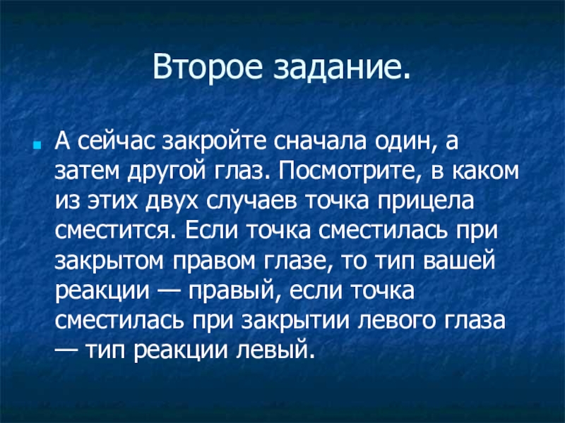в каком из этих двух случаев точка прицела сместится. Если точка сместилась при закрытом правом глазе, то тип вашей реакции — правый, если точка сместилась при закрытии левого глаза — тип реакции левый.
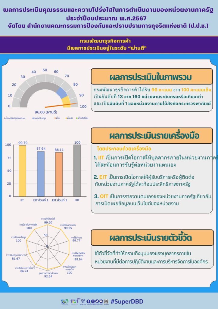 กรมพัฒนาธุรกิจฯ ปลื้ม ผลการประเมินคุณธรรมและความโปร่งใสในการดำเนินงาน “ระดับผ่านดี” จาก ป.ป.ช. ได้ 96 คะแนน เป็นอันดับ 13 จาก 160 หน่วยงานระดับกรม
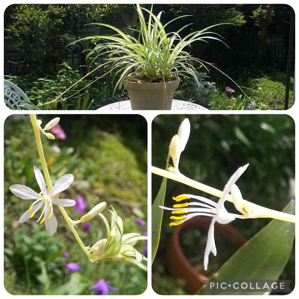 一冬預かった斑入りオリヅルランがすっかり元気になり、子株を8割がた切ったら、新たなランナーが出てきて花を咲かせました。
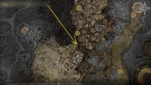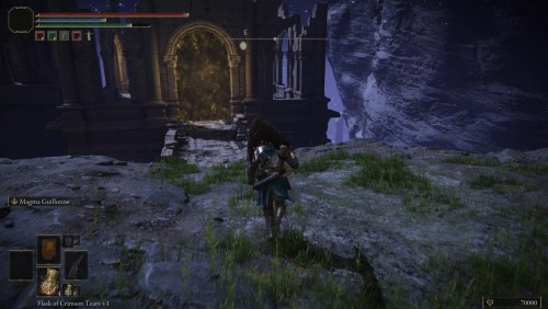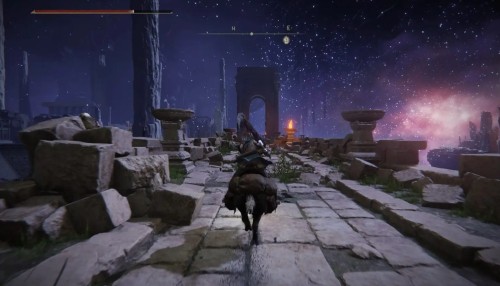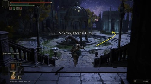 Теперь спрыгните вниз и двигайте прямо, чтобы дойти до места благодати «Нокрон, Вечный город». Пройдите через открытую дверь, и вы окажитесь на площади с беседкой, а потом идите через ворота справа.

● WHAT YOU ARE ASKED TO DO
No pictures belong in the answer; copy all other parts of the listing exactly.

● EXERCISE SOLUTION
в каком из этих двух случаев точка прицела сместится. Если точка сместилась при закрытом правом глазе, то тип вашей реакции — правый, если точка сместилась при закрытии левого глаза — тип реакции левый.
 กรมพัฒนาธุรกิจฯ ปลื้ม ผลการประเมินคุณธรรมและความโปร่งใสในการดำเนินงาน “ระดับผ่านดี” จาก ป.ป.ช. ได้ 96 คะแนน เป็นอันดับ 13 จาก 160 หน่วยงานระดับกรม
 一冬預かった斑入りオリヅルランがすっかり元気になり、子株を8割がた切ったら、新たなランナーが出てきて花を咲かせました。
 Теперь спрыгните вниз и двигайте прямо, чтобы дойти до места благодати «Нокрон, Вечный город». Пройдите через открытую дверь, и вы окажитесь на площади с беседкой, а потом идите через ворота справа.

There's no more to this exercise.